• Task description: Print out the full material below, exact in every line, with no images included.

• Dataset extract:
"""

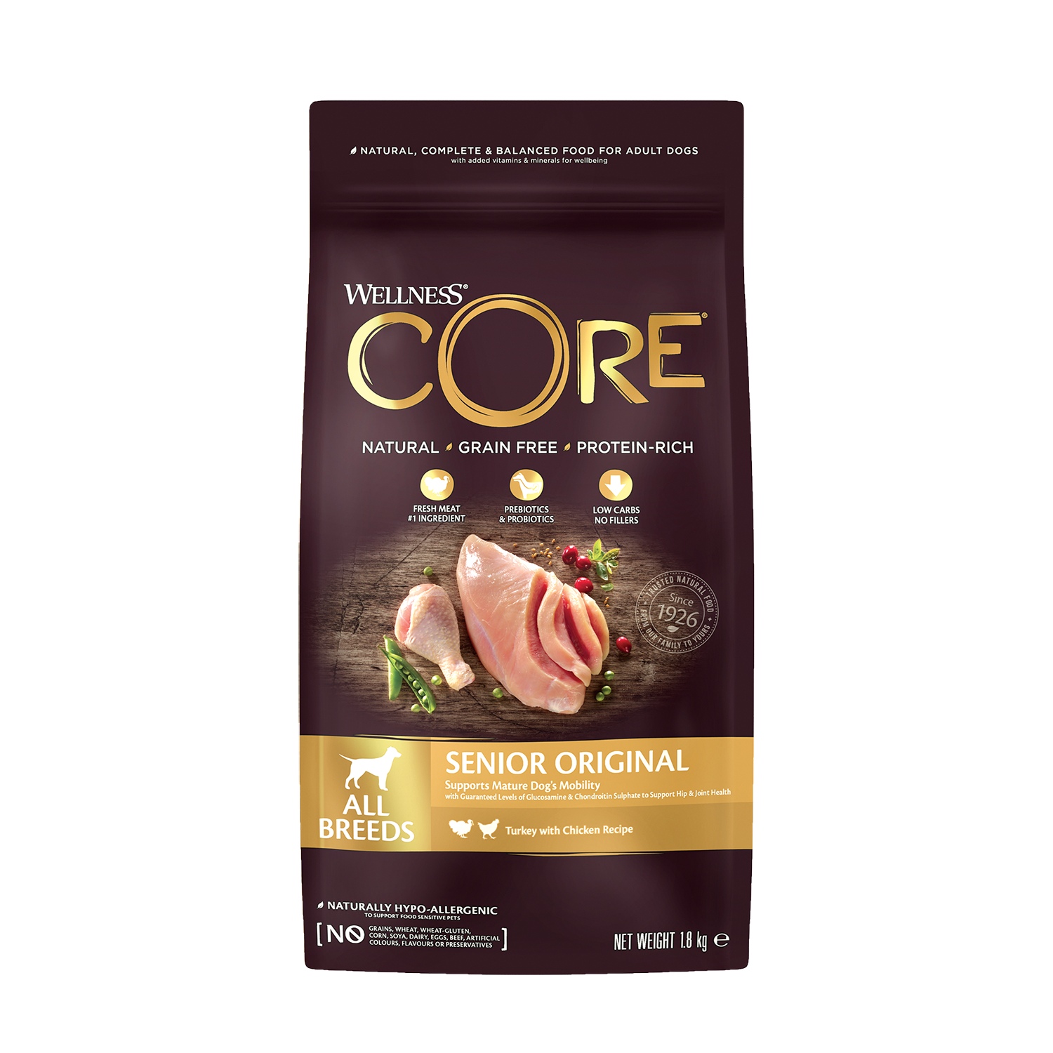/ Well Core Hond Dry Droogvoer-Kalkoen/Kip (4pcs/box)-1.8kg
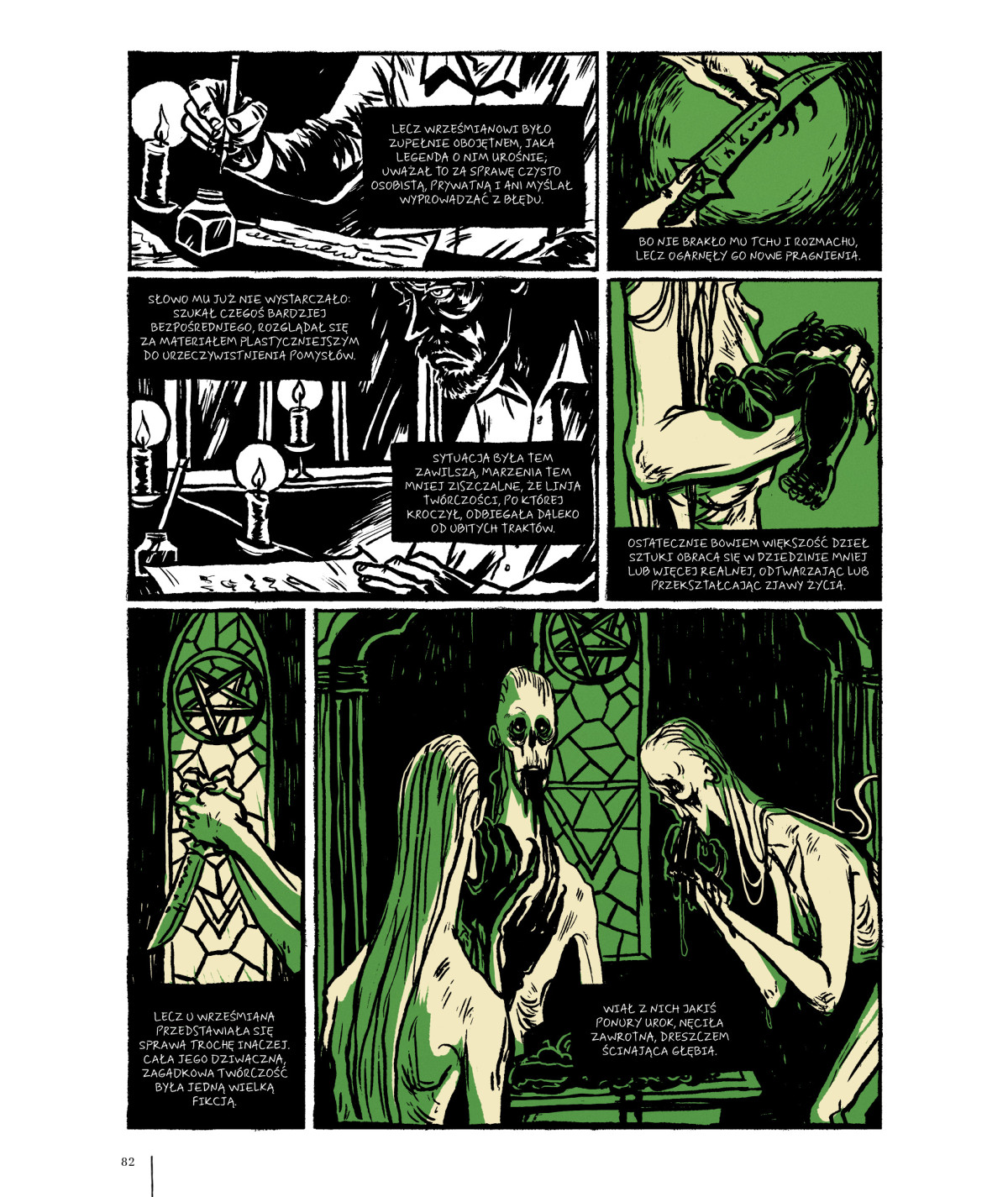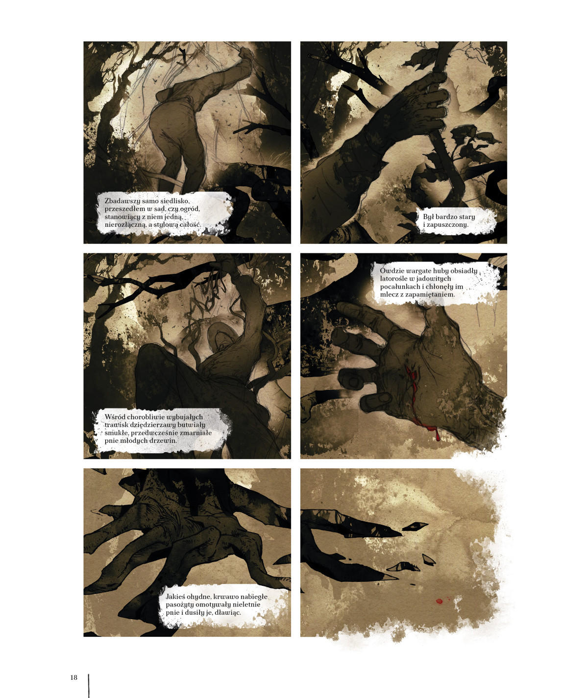 Mateusz Wiśniewski, autor scenariuszy, zachował w adaptacjach styl i strukturę prozy Grabińskiego. Nie upraszcza, nie wygładza, nie modernizuje. Zamiast tego konstruuje komiksowy labirynt, w którym słowo i obraz prowadzą czytelnika ku temu, co nieznane i obce, ale dziwnie znajome. Szalona zagroda, Czad, Smoluch, Dziedzina i Spojrzenie: każdy tytuł to nie tylko opowieść, ale inny wymiar strachu, inny sposób na pokazanie, jak kruche są granice między światem żywych a tamtym.
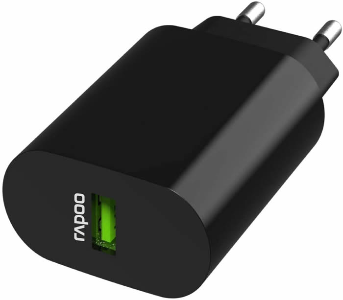 The Rapoo XC140 and the XC145 products are the same, their only difference is the power plug-type, XC140 aims for the European market, while the XC145 aims only for the UK market. Their retail boxes are exactly the same. At the front users will read all the needed information as the Qi standard, the Qualcomm 3.0 quick charge technology and several compatible devices (Samsung Galaxy S, Note series, Iphone 8, 11 and Huawei and other Qi-compatible devices).

"""

• Output of the task:
/ Well Core Hond Dry Droogvoer-Kalkoen/Kip (4pcs/box)-1.8kg
 Mateusz Wiśniewski, autor scenariuszy, zachował w adaptacjach styl i strukturę prozy Grabińskiego. Nie upraszcza, nie wygładza, nie modernizuje. Zamiast tego konstruuje komiksowy labirynt, w którym słowo i obraz prowadzą czytelnika ku temu, co nieznane i obce, ale dziwnie znajome. Szalona zagroda, Czad, Smoluch, Dziedzina i Spojrzenie: każdy tytuł to nie tylko opowieść, ale inny wymiar strachu, inny sposób na pokazanie, jak kruche są granice między światem żywych a tamtym.
 The Rapoo XC140 and the XC145 products are the same, their only difference is the power plug-type, XC140 aims for the European market, while the XC145 aims only for the UK market. Their retail boxes are exactly the same. At the front users will read all the needed information as the Qi standard, the Qualcomm 3.0 quick charge technology and several compatible devices (Samsung Galaxy S, Note series, Iphone 8, 11 and Huawei and other Qi-compatible devices).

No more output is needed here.